Gastrointestinal: Abdominal pain (1% to 2%), constipation (1% to 2%), dyspepsia (1% to 2%), nausea (1% to 2%)

Genitourinary: Impotence (1% to 2%)

Respiratory: Upper respiratory tract infection (3%), bronchitis (1% to 2%), pharyngitis (1% to 2%), sinusitis (1% to 2%)

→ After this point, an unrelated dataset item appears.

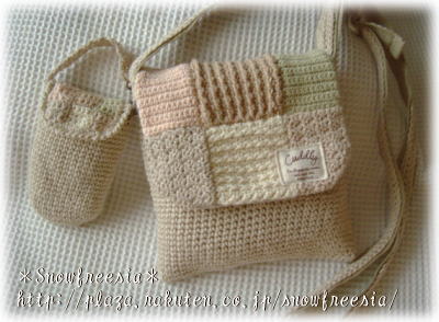 今日も来てくださってありがとうございますっ今回の作品で一番の苦心作かな~?? *・*・*・*・*・*・*・*・*・*・*春の穏やかな日差しの中のお出かけをイメージして作りました。シャキっとしたリネンのボディにオーガニックコットンの優しい色合いのパッチワークを合わせました。編地のキレイな模様編みにしました。ショルダー部分はボディと同じリネンで編んでテープに縫いつけて丈夫に仕立ててあります。フタ裏面・中袋はリネンで縫製してあります。携帯ケースのフタはスナップで閉じます。*・*・*・*・*・*・*・*・*・*・*パッチワークにするニットの糸選び編み模様の決定に一番時間をかけました。ハマナカさんのポームシリーズはコットンなのに、ウールのような柔らかさっ!!この感触はたまらないっ!!((o(>▽<)o)) 土台はリネンの亜麻糸で編んでいます。いつもお手数のところ、ワンクリック応援をありがとうございますお返事にいけそうもなくてごめんなさいです。そんな今日もまたMSの水道工事のため、断水です。(⌒-⌒;) Special Thanks!!(順不同) 日記枠=きなこのママさんえんぴつ=やすらぎ庵さんライン=sweet cottonさんBG= cafe part2さんありがとう=ぱたぱたアニメ館さんテーブル画像・女の子=かもみーるさん※IE6.0での動作確認済みです。お使いのOSによって枠が崩れて表示されることがあります。m(_ _)m

<1%, postmarketing, and/or case reports: Angina pectoris (pre-existing CAD), angioedema, atrial fibrillation, chest pain, diarrhea, edema, flushing, hepatic injury (including cholestatic), hypotension, intraoperative floppy iris syndrome (with cataract surgery), jaundice, orthostatic hypotension, priapism, pruritus, rhinitis, skin rash, syncope, systolic hypotension, tachycardia, thrombocytopenia, toxic epidermal necrolysis, urticaria, vomiting

* See Cautions in AHFS Essentials for additional information.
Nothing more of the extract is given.